たまゆら by 近衛 遼




第二十一帖

 夕餉の席に、信行はいなかった。
 東北の対屋での仕事の疲労が、まだ残っているのだろうか。それともあえて自室に籠もり、この場の成り行きを遠見の術で監視するつもりかもしれない。
『いまんとこ、そんな気配はないけどねー』
 信行と同じ性質の術を使えるようになった岷が、あたりの様子を窺いつつ言った。当然ながら、鬼堂にしかわからぬよう、弱い波長の遠話である。
『ま、先生のことだから、術にカムフラージュかけてるのかもしんないけど』
 それならそれで、いい。これからの一連のあれこれは、行昌と信行、いずれかに動いてもらうためのものなのだから。
「いや、まったく、義兄上にも皆々様にも大事なくてなによりでしたな」
 意外にも、菅行昌は上機嫌だった。半日ちかくも待たされたのだから、さぞ不愉快な顔をしていると思っていたのだが。
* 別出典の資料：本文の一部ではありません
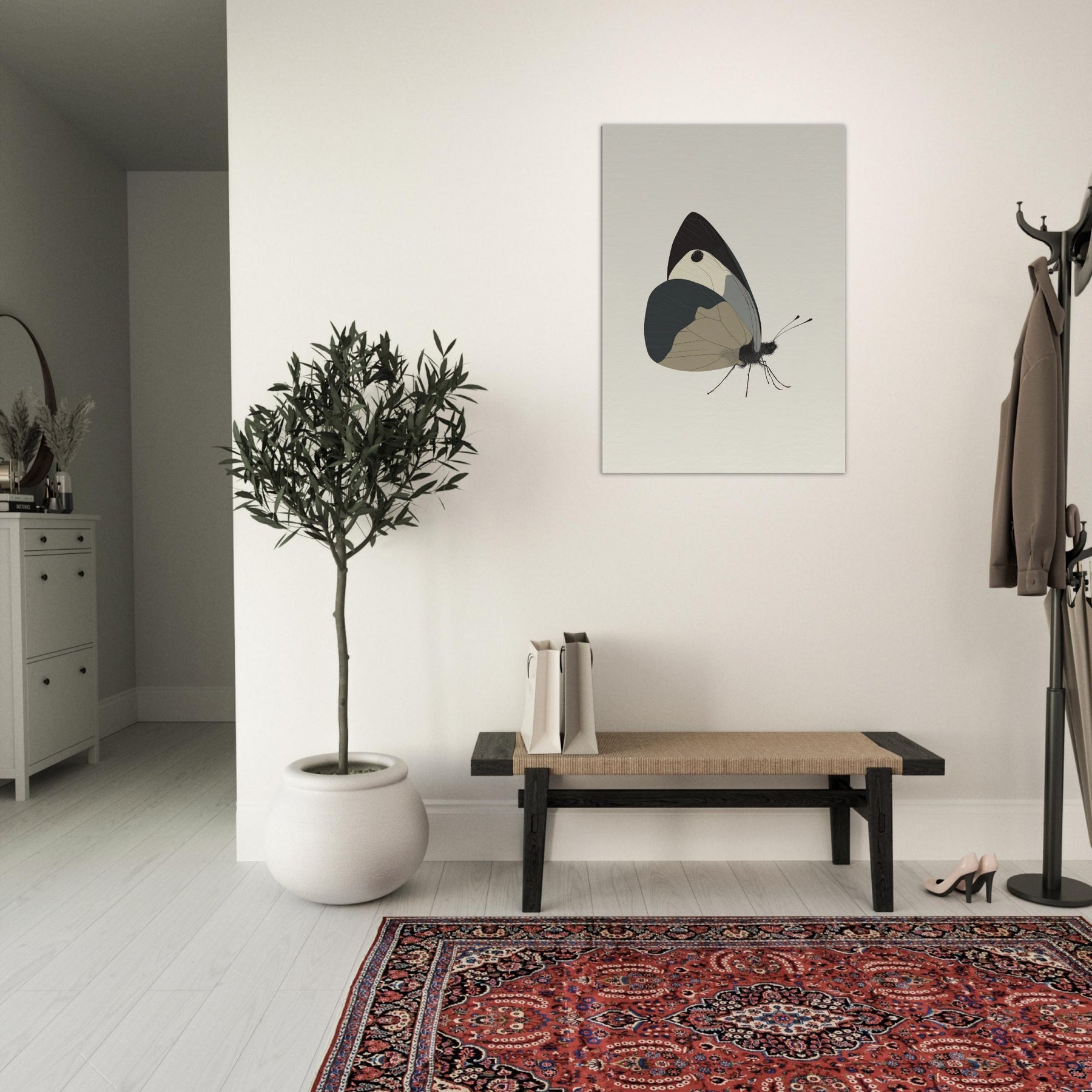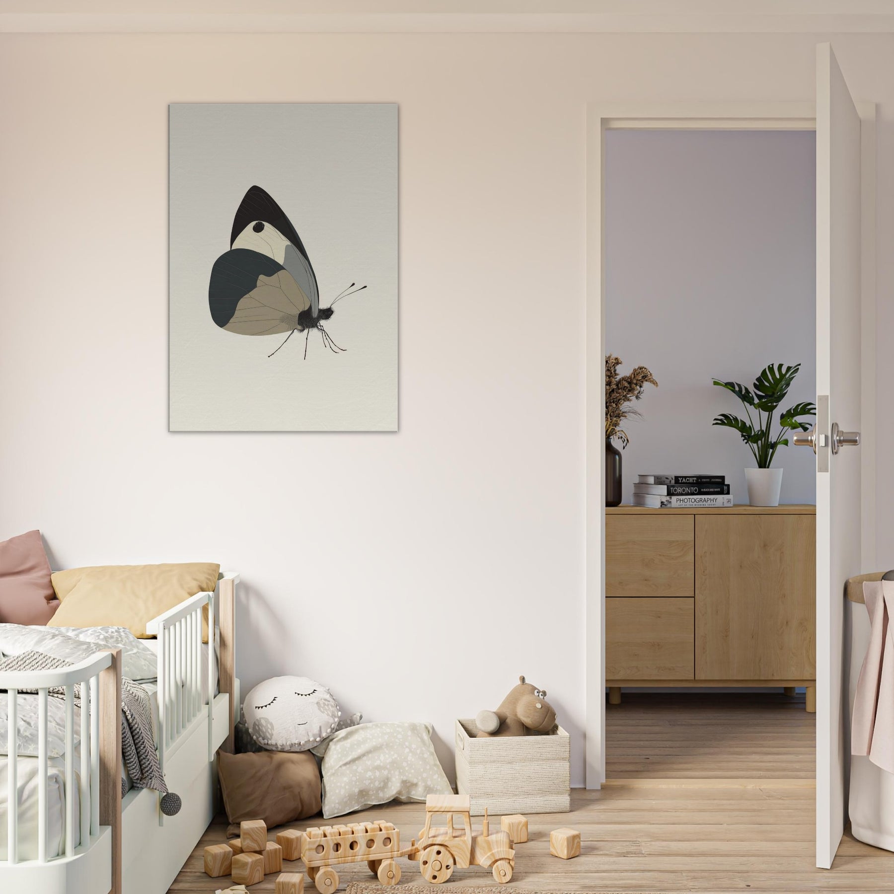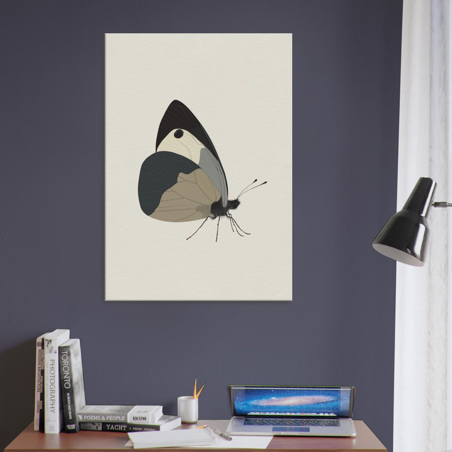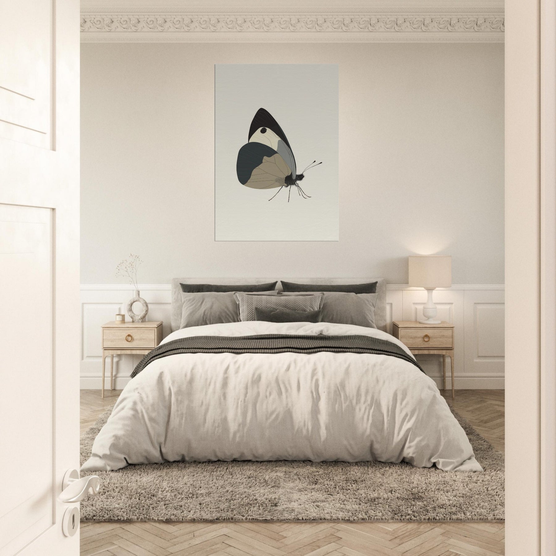 This minimalist Butterfly captures motion with a single, serene glance. Delicate lines contour the wings in muted taupe and charcoal, while soft ivory fields breathe calm into any room. The Butterfly seems to hover at the edge of perception, inviting quiet reflection and slow admiration. In a living space, its restrained elegance pairs with warm light and clean surfaces to soften edges and elevate mood. Perfect solo or among other calm works, it brings nature's quiet grace indoors.
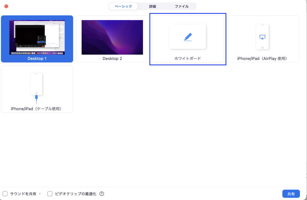 2.「ホワイトボード」アイコンを選択すると共有が開始されます。
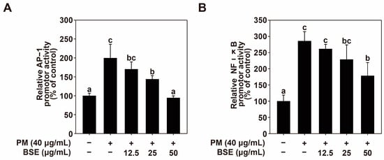 2.3. BSE Inhibits PM-Induced AP-1 and NF-κB Activity
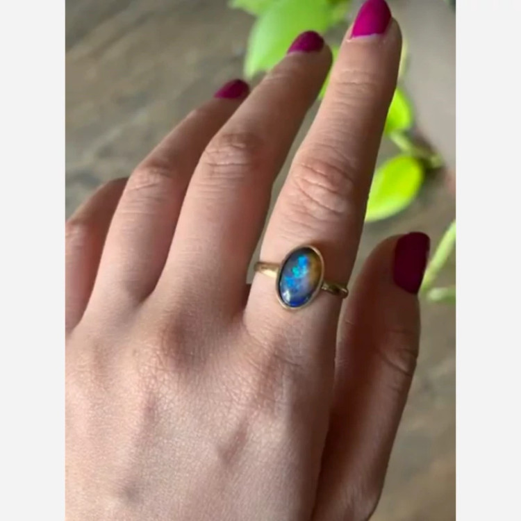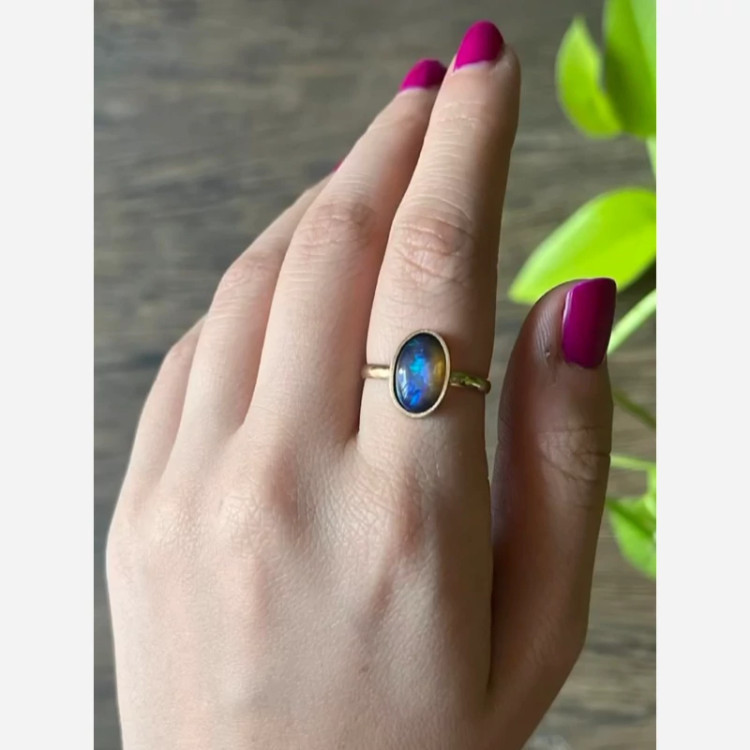 انگشتر نقره زنانه نگین لابرادوریت طبیعی
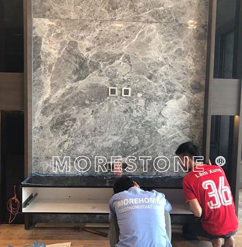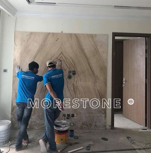 MORESTONE xin giới thiệu một số công trình sản xuất, thi công, lắp đặt các mẫu đá tự nhiên ốp tường trang trí phòng khách đẹp, sang trọng
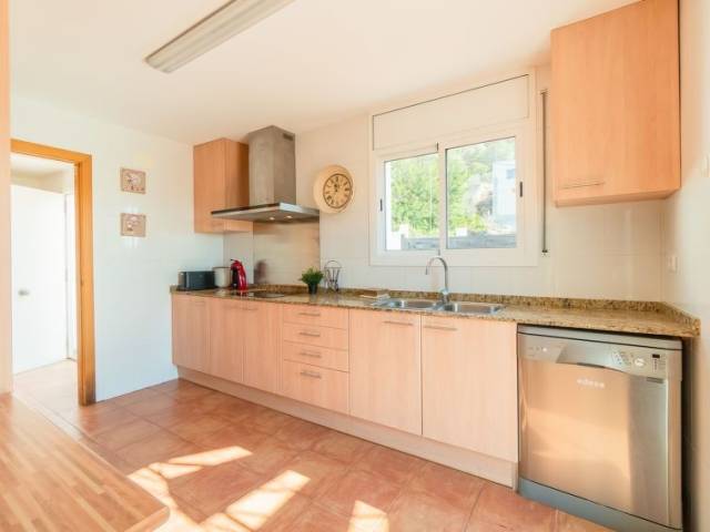 Casa unifamiliar moderna, confortable. Lugar tranquilo area residencial (villas), a 3.6 km del mar, a 3.6 km de la playa. Privado: terreno (vallada), jardín bonito, piscina rectangular (8 x 4 m, 180 cm de profundidad, Disponible por temporada: 15.Jun. - 15.Sep.) con sistema de limpieza por electrolysis de sal. Ducha exterior, porche, barbacoa, posibilidad de aparcamiento en la calle. Supermercado 2.6 km, restaurante, bar 900 m. Atracciones en los alrededores: Barcelona 73 km, Sitges 36 km, Tarragona 26 km, Port Aventura 37 km. A tener en cuenta: coche recomendable. El propietario no acepta grupos de adolescentes/jóvenes. Vecindario muy sensible a ruidos. Se ruega respetar la tranquilidad y normas de buen comportamiento. "Mimi", casa 5 estancias 234 m2 en 2 plantas. Espacioso, con mobiliario confortable y bonito: salón-comedor con mesa de comedor y TV digital. Salida a la terraza. 1 dorm. con 1 cama de matrimonio (150 cm, 190 cm de longitud), ducha/WC. 2 dorm., cada habitación con 2 camas (90 cm, 190 cm de longitud). Cocina (horno, lavavajillas, 3 placas de vitrocerámica, tostadora, microondas, cafetera eléctrica). Salida a la terraza. Baño/WC. Ningún tipo de calefacción. En planta inferior: salón-dormitorio con 1 sofá-cama doble (150 cm, 190 cm de longitud). 1 dorm. con 1 cama de matrimonio (135 cm, 190 cm de longitud). Cocina (horno, 4 placas de vitrocerámica, microondas). Ducha/WC. Terraza-jardín grande. Muebles de terraza, barbacoa, tumbonas. Vista lejana al mar. El alojamiento dispone de: lavadora, plancha, secador de pelo. El aire acondicionado no esta disponible. HUTT054326

「明日からは屋敷回りの警備を増やすよう、各部に伝えましょう。どうか心安んじてお過ごしあれ」
 言いながら、清顕の杯に酒を注ぐ。清顕はそれを受けて、
「兵衛府の衛士を個人の邸宅の守りに就かせたとあっては、御上に対したてまつり、あまりにも畏れおおい。さようなことは、おやめくだされ」
 やんわりと断る。が、行昌は首を横に振り、
「なにをおっしゃる。義兄上は兵部の長ですぞ。『十席』に名を連ねる和の国の重鎮。その御身を守るに兵衛府から人を出すは、至極当然のこと」
 うんうんと自分の言葉に頷きながら、行昌は続けた。
「それに、われらは義理とはいえ兄弟の間柄。弟が兄の身を案じて為すことにて、遠慮など要りませぬわ。来春には昌通(まさみち)も宗の国より戻りますゆえ、貴家と当家はますます縁深くなりましょうほどに」
 昌通というのは行昌の長男で、いまは宗の国に留学している。つい先刻の清顕からの文によれば、昌通とまひるはすでに婚約しており、昌通の帰国を待って祝言を挙げる予定であった。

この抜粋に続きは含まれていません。